All lines below between the line with "从埃因霍恩的绿光资本与对冲基" and the line with "2. Если по какой-то", including both, must be copied exactly, and the pictures must be omitted.

### Study material
---*---

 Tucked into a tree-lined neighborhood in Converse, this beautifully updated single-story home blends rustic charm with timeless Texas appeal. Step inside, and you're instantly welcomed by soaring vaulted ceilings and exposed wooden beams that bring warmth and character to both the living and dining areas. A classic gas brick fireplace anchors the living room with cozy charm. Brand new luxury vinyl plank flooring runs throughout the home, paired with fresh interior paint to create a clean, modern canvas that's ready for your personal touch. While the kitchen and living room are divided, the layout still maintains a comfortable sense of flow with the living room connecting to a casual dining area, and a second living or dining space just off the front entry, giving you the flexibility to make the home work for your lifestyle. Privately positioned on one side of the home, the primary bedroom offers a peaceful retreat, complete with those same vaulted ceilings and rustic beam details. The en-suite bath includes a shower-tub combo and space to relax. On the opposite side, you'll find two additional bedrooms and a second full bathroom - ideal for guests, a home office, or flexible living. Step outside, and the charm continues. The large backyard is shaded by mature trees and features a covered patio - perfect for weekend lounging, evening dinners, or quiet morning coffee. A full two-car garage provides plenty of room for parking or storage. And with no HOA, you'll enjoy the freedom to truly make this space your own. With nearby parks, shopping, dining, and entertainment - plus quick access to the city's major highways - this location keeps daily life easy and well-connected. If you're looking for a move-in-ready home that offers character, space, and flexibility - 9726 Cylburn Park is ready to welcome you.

---*---

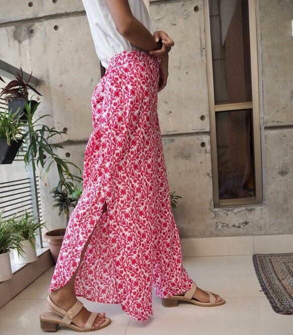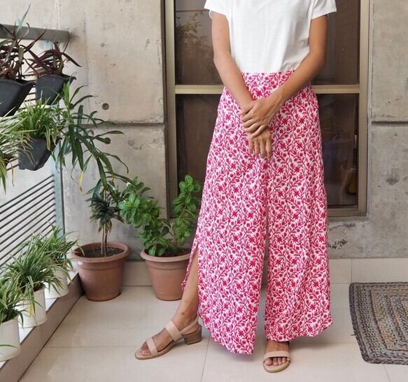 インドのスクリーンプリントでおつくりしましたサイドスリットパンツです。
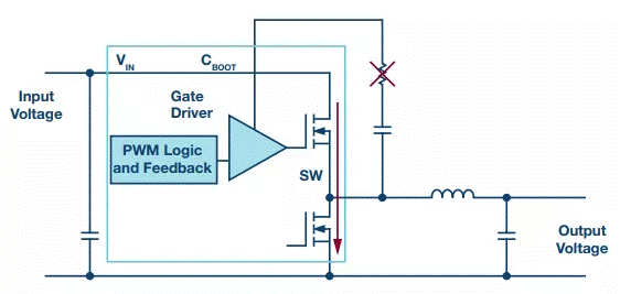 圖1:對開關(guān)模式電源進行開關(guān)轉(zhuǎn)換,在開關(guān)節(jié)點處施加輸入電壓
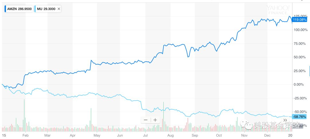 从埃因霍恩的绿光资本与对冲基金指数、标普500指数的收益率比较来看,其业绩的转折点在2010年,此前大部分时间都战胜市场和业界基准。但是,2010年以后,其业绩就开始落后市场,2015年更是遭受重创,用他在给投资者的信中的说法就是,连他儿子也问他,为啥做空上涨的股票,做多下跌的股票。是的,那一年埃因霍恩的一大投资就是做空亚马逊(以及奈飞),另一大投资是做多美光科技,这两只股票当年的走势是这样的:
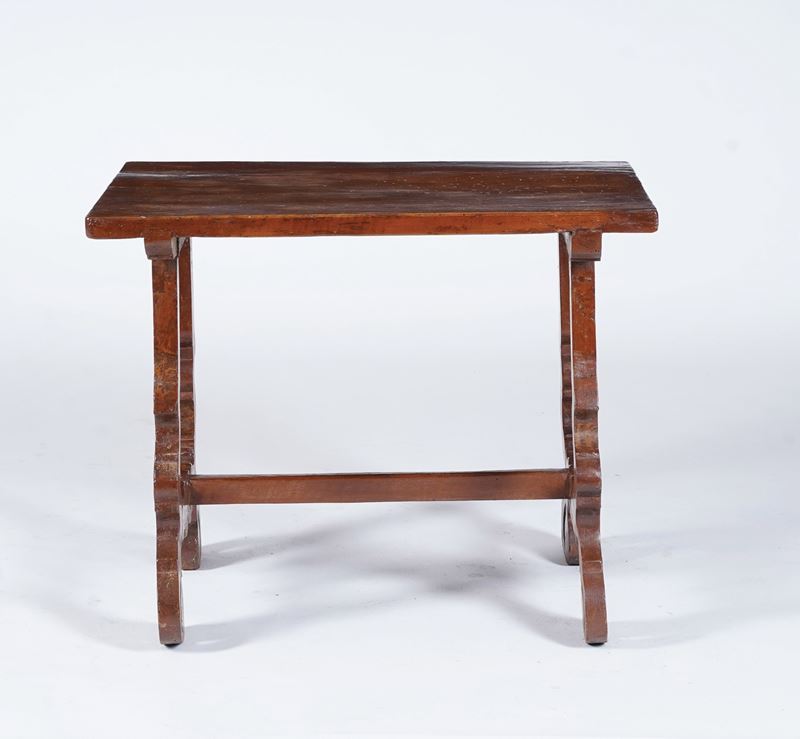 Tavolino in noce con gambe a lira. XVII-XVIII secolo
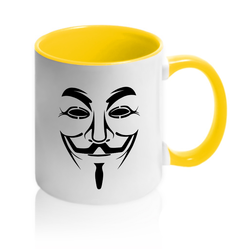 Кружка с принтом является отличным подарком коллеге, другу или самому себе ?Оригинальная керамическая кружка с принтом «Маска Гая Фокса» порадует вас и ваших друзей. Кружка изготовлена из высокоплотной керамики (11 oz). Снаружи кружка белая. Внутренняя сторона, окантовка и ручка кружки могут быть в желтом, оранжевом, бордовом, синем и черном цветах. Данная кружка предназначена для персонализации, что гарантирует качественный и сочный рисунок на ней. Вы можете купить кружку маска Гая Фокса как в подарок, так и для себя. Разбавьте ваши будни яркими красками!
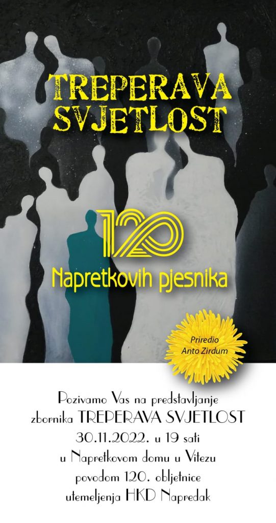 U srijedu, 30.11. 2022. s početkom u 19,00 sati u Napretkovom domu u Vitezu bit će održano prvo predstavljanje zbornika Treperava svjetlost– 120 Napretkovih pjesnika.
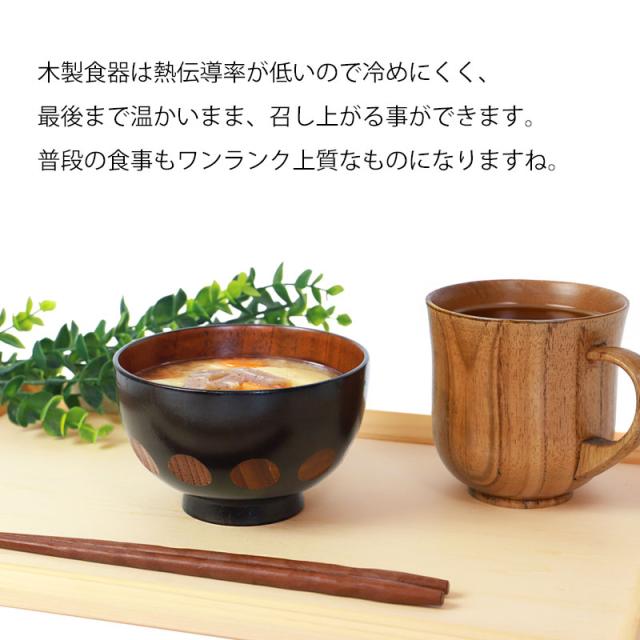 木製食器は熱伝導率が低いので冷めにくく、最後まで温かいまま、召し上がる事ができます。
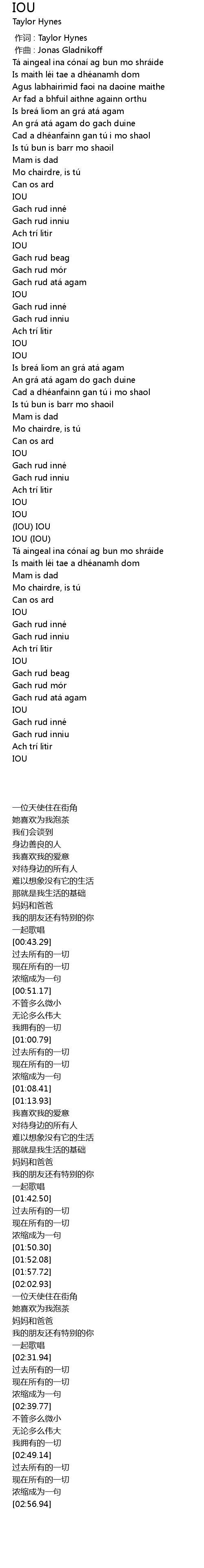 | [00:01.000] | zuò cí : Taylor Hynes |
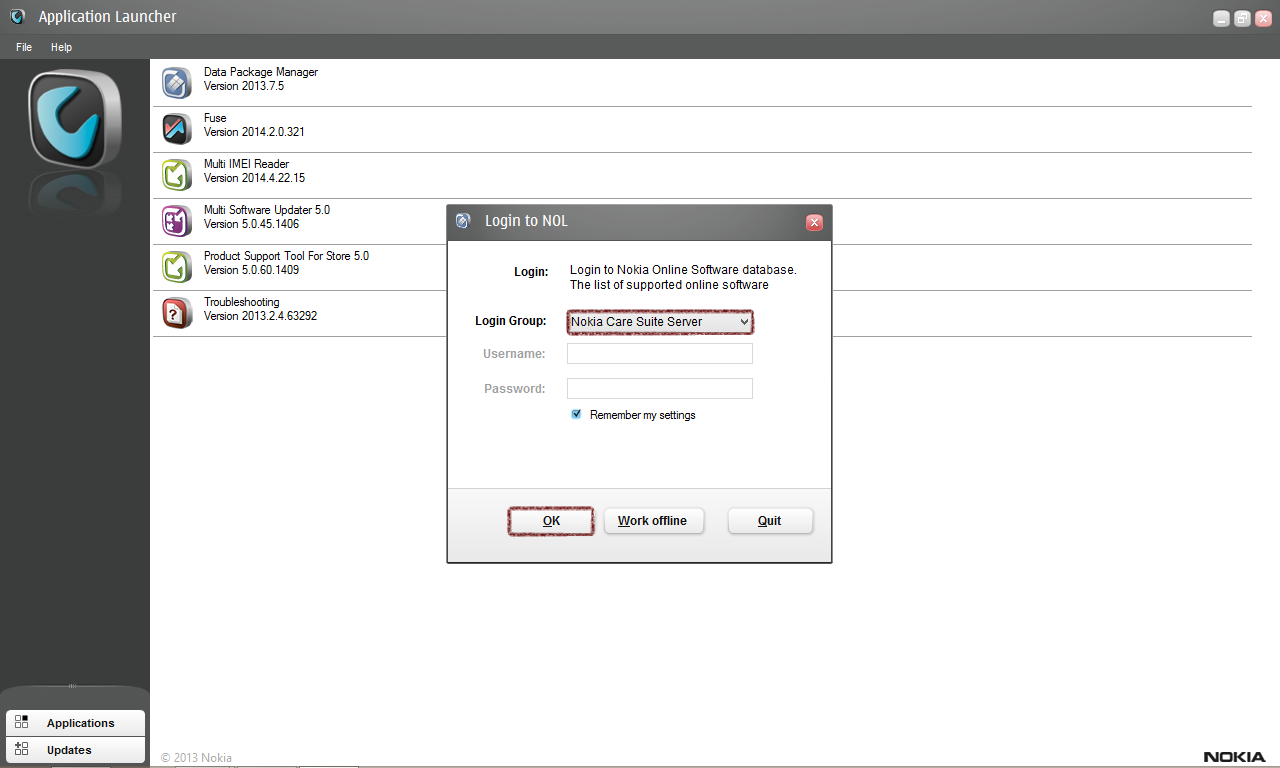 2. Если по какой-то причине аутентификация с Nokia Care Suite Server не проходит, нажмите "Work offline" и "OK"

---*---

### Response to this task
 从埃因霍恩的绿光资本与对冲基金指数、标普500指数的收益率比较来看,其业绩的转折点在2010年,此前大部分时间都战胜市场和业界基准。但是,2010年以后,其业绩就开始落后市场,2015年更是遭受重创,用他在给投资者的信中的说法就是,连他儿子也问他,为啥做空上涨的股票,做多下跌的股票。是的,那一年埃因霍恩的一大投资就是做空亚马逊(以及奈飞),另一大投资是做多美光科技,这两只股票当年的走势是这样的:
 Tavolino in noce con gambe a lira. XVII-XVIII secolo
 Кружка с принтом является отличным подарком коллеге, другу или самому себе ?Оригинальная керамическая кружка с принтом «Маска Гая Фокса» порадует вас и ваших друзей. Кружка изготовлена из высокоплотной керамики (11 oz). Снаружи кружка белая. Внутренняя сторона, окантовка и ручка кружки могут быть в желтом, оранжевом, бордовом, синем и черном цветах. Данная кружка предназначена для персонализации, что гарантирует качественный и сочный рисунок на ней. Вы можете купить кружку маска Гая Фокса как в подарок, так и для себя. Разбавьте ваши будни яркими красками!
 U srijedu, 30.11. 2022. s početkom u 19,00 sati u Napretkovom domu u Vitezu bit će održano prvo predstavljanje zbornika Treperava svjetlost– 120 Napretkovih pjesnika.
 木製食器は熱伝導率が低いので冷めにくく、最後まで温かいまま、召し上がる事ができます。
 | [00:01.000] | zuò cí : Taylor Hynes |
 2. Если по какой-то причине аутентификация с Nokia Care Suite Server не проходит, нажмите "Work offline" и "OK"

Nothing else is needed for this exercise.